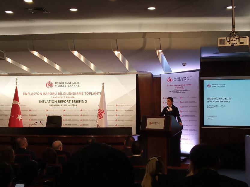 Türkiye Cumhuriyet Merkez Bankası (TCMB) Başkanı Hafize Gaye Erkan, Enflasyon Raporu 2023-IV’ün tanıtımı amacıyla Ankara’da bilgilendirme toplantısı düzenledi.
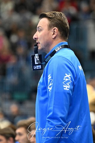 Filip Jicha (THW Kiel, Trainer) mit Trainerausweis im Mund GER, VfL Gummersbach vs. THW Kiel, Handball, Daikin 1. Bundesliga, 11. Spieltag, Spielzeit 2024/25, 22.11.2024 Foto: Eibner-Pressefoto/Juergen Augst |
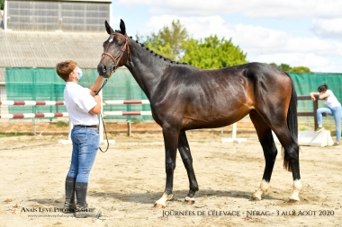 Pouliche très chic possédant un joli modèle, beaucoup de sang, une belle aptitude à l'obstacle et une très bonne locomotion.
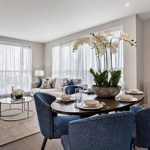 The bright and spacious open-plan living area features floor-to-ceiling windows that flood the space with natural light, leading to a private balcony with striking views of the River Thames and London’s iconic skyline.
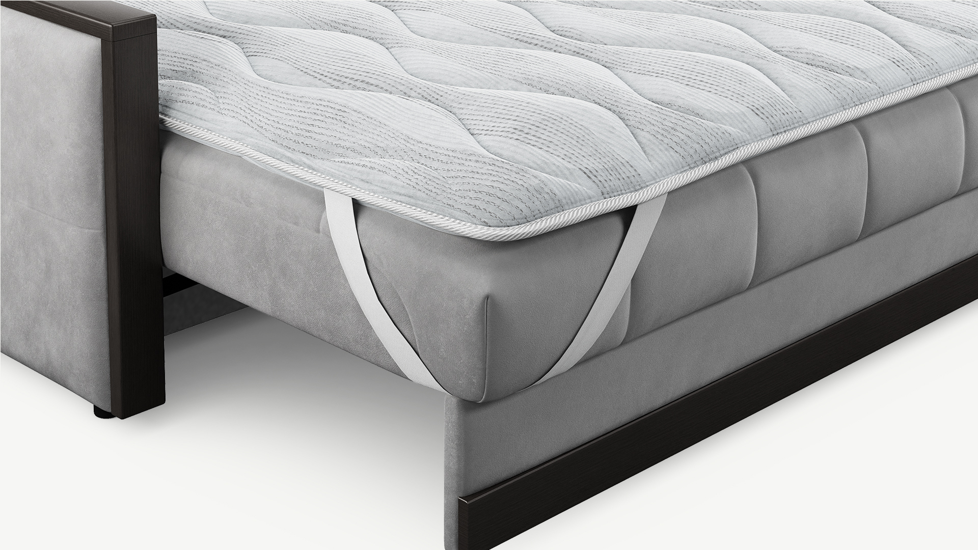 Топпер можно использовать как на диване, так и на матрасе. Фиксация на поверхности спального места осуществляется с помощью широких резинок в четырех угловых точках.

| Task details |
Output a verbatim copy of the entries and skip the pictures.

| Result of the exercise |
 Türkiye Cumhuriyet Merkez Bankası (TCMB) Başkanı Hafize Gaye Erkan, Enflasyon Raporu 2023-IV’ün tanıtımı amacıyla Ankara’da bilgilendirme toplantısı düzenledi.
 Filip Jicha (THW Kiel, Trainer) mit Trainerausweis im Mund GER, VfL Gummersbach vs. THW Kiel, Handball, Daikin 1. Bundesliga, 11. Spieltag, Spielzeit 2024/25, 22.11.2024 Foto: Eibner-Pressefoto/Juergen Augst |
 Pouliche très chic possédant un joli modèle, beaucoup de sang, une belle aptitude à l'obstacle et une très bonne locomotion.
 The bright and spacious open-plan living area features floor-to-ceiling windows that flood the space with natural light, leading to a private balcony with striking views of the River Thames and London’s iconic skyline.
 Топпер можно использовать как на диване, так и на матрасе. Фиксация на поверхности спального места осуществляется с помощью широких резинок в четырех угловых точках.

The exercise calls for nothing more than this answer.